Exploring and Controlling Diversity in LLM-Agent Conversation
This addresses the need for balancing stability and variability in LLM-agent conversations, though it is incremental as it builds on existing diversity control methods.
The paper tackled the problem of dialogue diversity degrading in long-term LLM-agent simulations by proposing Adaptive Prompt Pruning (APP), a method that controls diversity via a parameter lambda, and found that reducing contextual information increases diversity, with Memory being the most influential prompt component.
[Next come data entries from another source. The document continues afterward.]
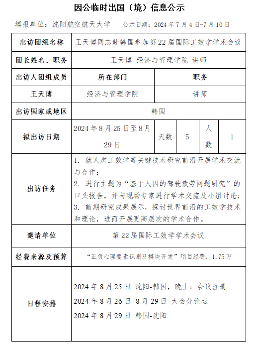 应第22届国际工效学学术会议的邀请,今年会拟派王天博同志于2024年8月25日至8月29日赴韩国参加第22届国际工效学学术会议。按照省外办有关最新管理规定,现就此计划予以公示。公示日期:2024年7月4日-7月10日。如有异议,可在公示期内与外事处联系,电话:024-89724878,邮箱:foreignaffairs@sau.edu.cn。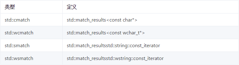 std::match_results用來(lái)存儲(chǔ)匹配結(jié)果。與迭代器類似,匹配結(jié)果也有四種類型: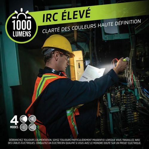 Led-technologie: deze led-zaklamp van 1000 lumen is voorzien van een hoge IRC voor een helderheid van de HD-kleuren, ideaal voor allerlei projecten.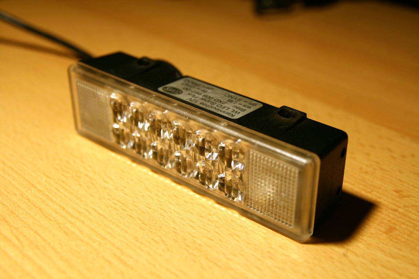 Das ist mein WL-LED (WarnLeuchte LightEmittingDiode) Modul von Hella (was auch sonst?). Es ist meine erste LED Leichte in der Sammlung. Das Modul läuft auf 12V und ist wie unschwer auf den Bildern zu erkennen Blau. In dem Modul befindet sich integriert die Steuerung welche die 12 Super Flux LED's ansteuert. Die LED's sind satt Blau und geben ein gutes Lichtbild ab, welches mich sehr überraschte. Der WL LED ist sehr kompakt, wasserdicht und vielfältig Einsetzbar, als Frontwarner, Heckwarnleuchte, Seitenwarner usw. Man kann auf über 8 Blinkfrequenzen zurückgreifen. Sie werden mit dem Gelben Kontakt geschaltet.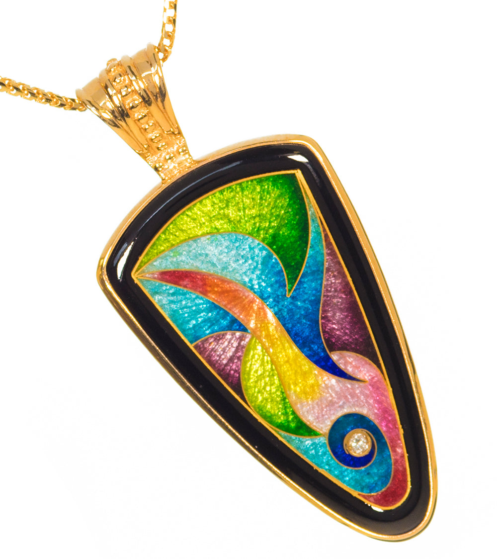 Thin 24K gold wires are hand-cut and bent to form intricate designs. Up to 10 layers of enamel are fired at least 12 times at 1450-degrees to create the iridescent depth and nuances of color in each piece.

Controlling diversity in LLM-agent simulations is essential for balancing stability in structured tasks with variability in open-ended interactions. However, we observe that dialogue diversity tends to degrade over long-term simulations. To explore the role of prompt design in this phenomenon, we modularized the utterance generation prompt and found that reducing contextual information leads to more diverse outputs. Based on this insight, we propose Adaptive Prompt Pruning (APP), a novel method that allows users to control diversity via a single parameter, lambda. APP dynamically prunes prompt segments based on attention scores and is compatible with existing diversity control methods. We demonstrate that APP effectively modulates diversity through extensive experiments and propose a method to balance the control trade-offs. Our analysis reveals that all prompt components impose constraints on diversity, with the Memory being the most influential. Additionally, high-attention contents consistently suppress output diversity.